> **ASSIGNMENT**
Search the listing below for the line containing "Every riff feels". From there through the line containing "Er staan leuke", transcribe every line exactly, both ends included.

> **SOURCE INFORMATION**

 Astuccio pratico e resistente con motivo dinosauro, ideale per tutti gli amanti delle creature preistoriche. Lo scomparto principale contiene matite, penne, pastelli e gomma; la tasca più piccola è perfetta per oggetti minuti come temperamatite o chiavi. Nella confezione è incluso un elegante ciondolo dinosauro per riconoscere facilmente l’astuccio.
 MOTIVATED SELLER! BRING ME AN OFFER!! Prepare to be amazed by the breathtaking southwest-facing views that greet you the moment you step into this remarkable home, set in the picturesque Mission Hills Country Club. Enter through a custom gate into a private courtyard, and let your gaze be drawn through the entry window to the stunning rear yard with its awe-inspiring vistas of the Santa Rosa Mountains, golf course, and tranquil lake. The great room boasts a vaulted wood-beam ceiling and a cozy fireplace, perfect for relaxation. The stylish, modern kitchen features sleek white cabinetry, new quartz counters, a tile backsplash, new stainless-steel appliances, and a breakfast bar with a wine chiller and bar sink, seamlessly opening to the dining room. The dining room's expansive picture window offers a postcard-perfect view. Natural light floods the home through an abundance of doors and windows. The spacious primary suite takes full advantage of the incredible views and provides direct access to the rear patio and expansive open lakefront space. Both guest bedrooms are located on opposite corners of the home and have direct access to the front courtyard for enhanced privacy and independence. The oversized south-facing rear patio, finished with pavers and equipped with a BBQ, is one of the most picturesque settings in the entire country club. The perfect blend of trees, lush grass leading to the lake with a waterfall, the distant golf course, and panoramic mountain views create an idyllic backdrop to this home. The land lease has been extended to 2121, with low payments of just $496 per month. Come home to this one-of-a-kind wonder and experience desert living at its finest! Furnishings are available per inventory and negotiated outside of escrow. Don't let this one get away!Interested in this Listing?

* * *

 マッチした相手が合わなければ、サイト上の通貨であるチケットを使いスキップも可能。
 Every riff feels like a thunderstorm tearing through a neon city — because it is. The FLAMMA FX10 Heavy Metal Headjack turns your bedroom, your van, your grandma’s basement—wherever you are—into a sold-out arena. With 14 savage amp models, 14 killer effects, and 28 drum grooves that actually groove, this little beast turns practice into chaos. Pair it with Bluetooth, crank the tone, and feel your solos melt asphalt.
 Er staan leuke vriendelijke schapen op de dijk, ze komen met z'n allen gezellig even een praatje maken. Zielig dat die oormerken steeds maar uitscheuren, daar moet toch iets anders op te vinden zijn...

> **SOLUTION TO THIS TASK**
 Every riff feels like a thunderstorm tearing through a neon city — because it is. The FLAMMA FX10 Heavy Metal Headjack turns your bedroom, your van, your grandma’s basement—wherever you are—into a sold-out arena. With 14 savage amp models, 14 killer effects, and 28 drum grooves that actually groove, this little beast turns practice into chaos. Pair it with Bluetooth, crank the tone, and feel your solos melt asphalt.
 Er staan leuke vriendelijke schapen op de dijk, ze komen met z'n allen gezellig even een praatje maken. Zielig dat die oormerken steeds maar uitscheuren, daar moet toch iets anders op te vinden zijn...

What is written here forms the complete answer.